The pictures I have for this exercise are for a more advanced version, where I sit inside the bent knee. You should be sitting on the outside of your foot. Put your butt back past your bent knee and sit on the mat so that your bent knee is in front of your body (as opposed to being behind it as you see in the pictures.) Bring your bent knee forward, about a right angle, with your foot resting against the thigh of the straight leg. Then, bend as far forward as you can comfortably go. Slowly and gradually work your way toward the knee of the straight leg, as you see in the following pictures.

38. Head to toe

After bending forward, as in the picture, bring your head up, without moving your shoulder up and try to flatten your back. This will rotate your hip forward and make your back concave. Gently move back and forth between these two positions.

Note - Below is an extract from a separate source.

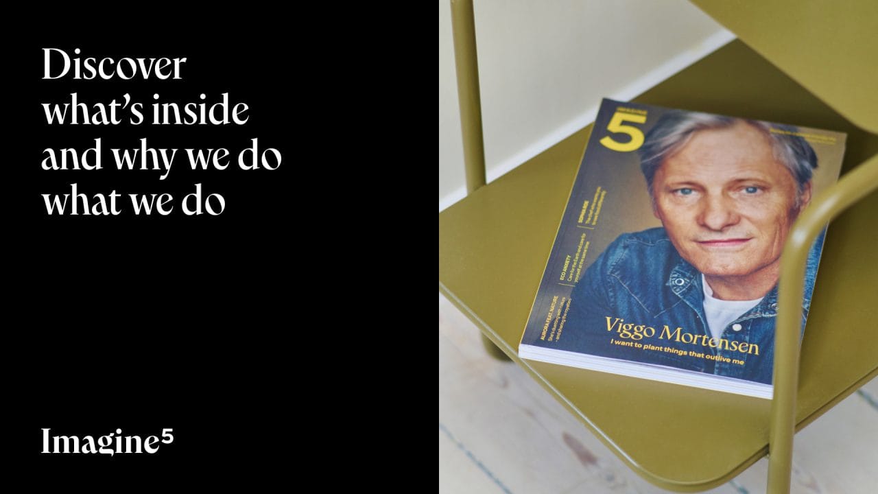We are Imagine5 – an environmental storytelling platform. Our magazines are packed with uplifting stories to inspire a greener lifestyle. In honour of our cover star Viggo Mortensen’s 67th birthday, use code VIGGO at checkout to get 20% off – also applies to bundles!
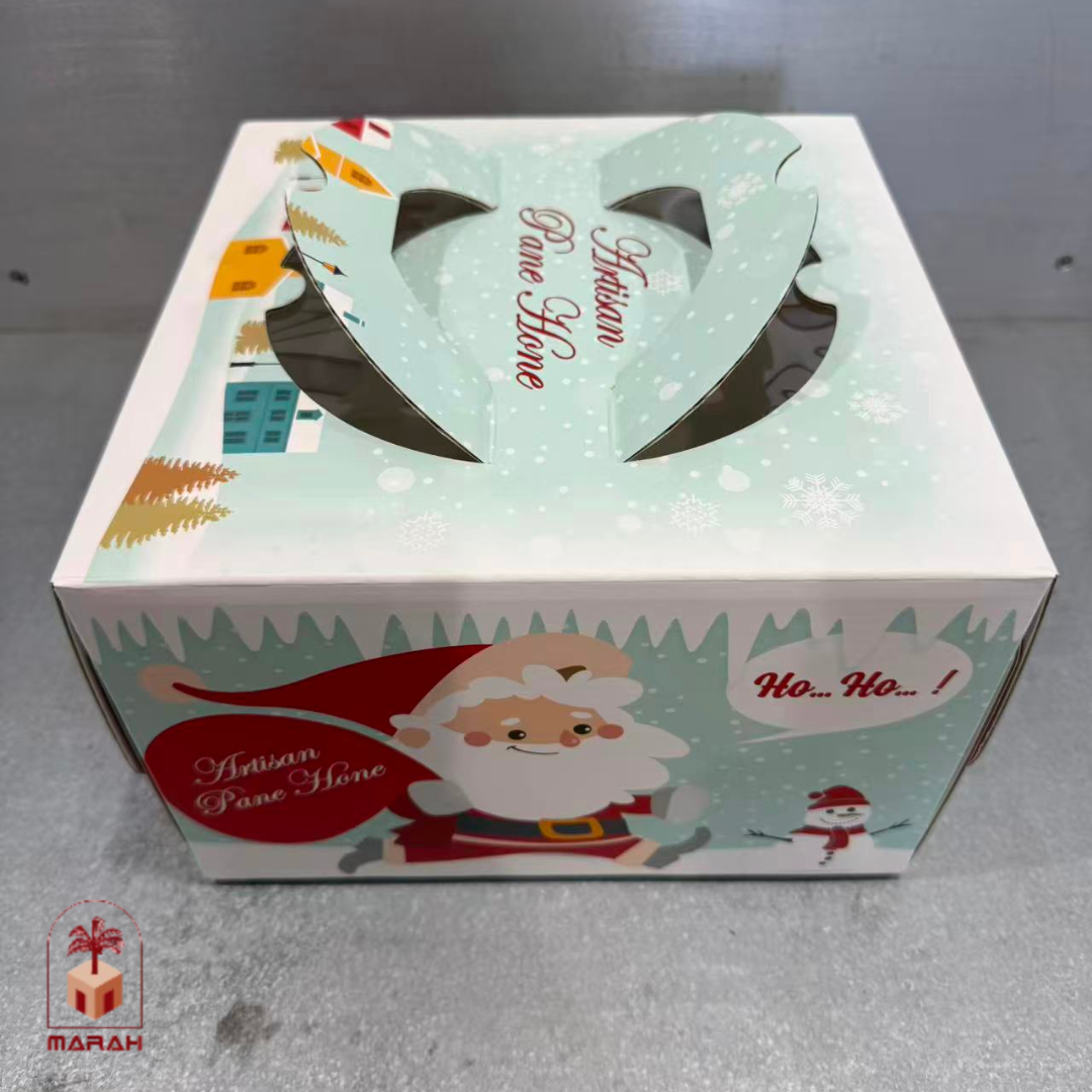 Marah’s Christmas Cake boxes are durable, stylish, and affordable with easy-to-carry handles that are perfect for transporting cakes, pastries, and baked goods. Very reliable, these Christmas Cake boxes with handles allow for viewing of the products inside.

39. Straight leg forward flex

+ leg rotation (a)
+ leg rotation (b)

40. Straight leg hip twist

Sorry, this is not the exact, correct picture, but that’s what I had. Both feet should be straight here, but the twisting motion is as it should be.

Execute the Transition exercises, briefly:

External rotation

Pretzel

Full front extension

Down dog

Child’s pose

There is no picture for the Child’s pose.

Sit on your heels, or as close as you can get, comfortably. Bend forward to put your upper body as flat toward the ground as you can make it, comfortably. Extend your hands forward, with palms down. Climb forward with your fingers to elongate your spine. Rest and breath deeply and slowly for a few seconds. Then, sit up.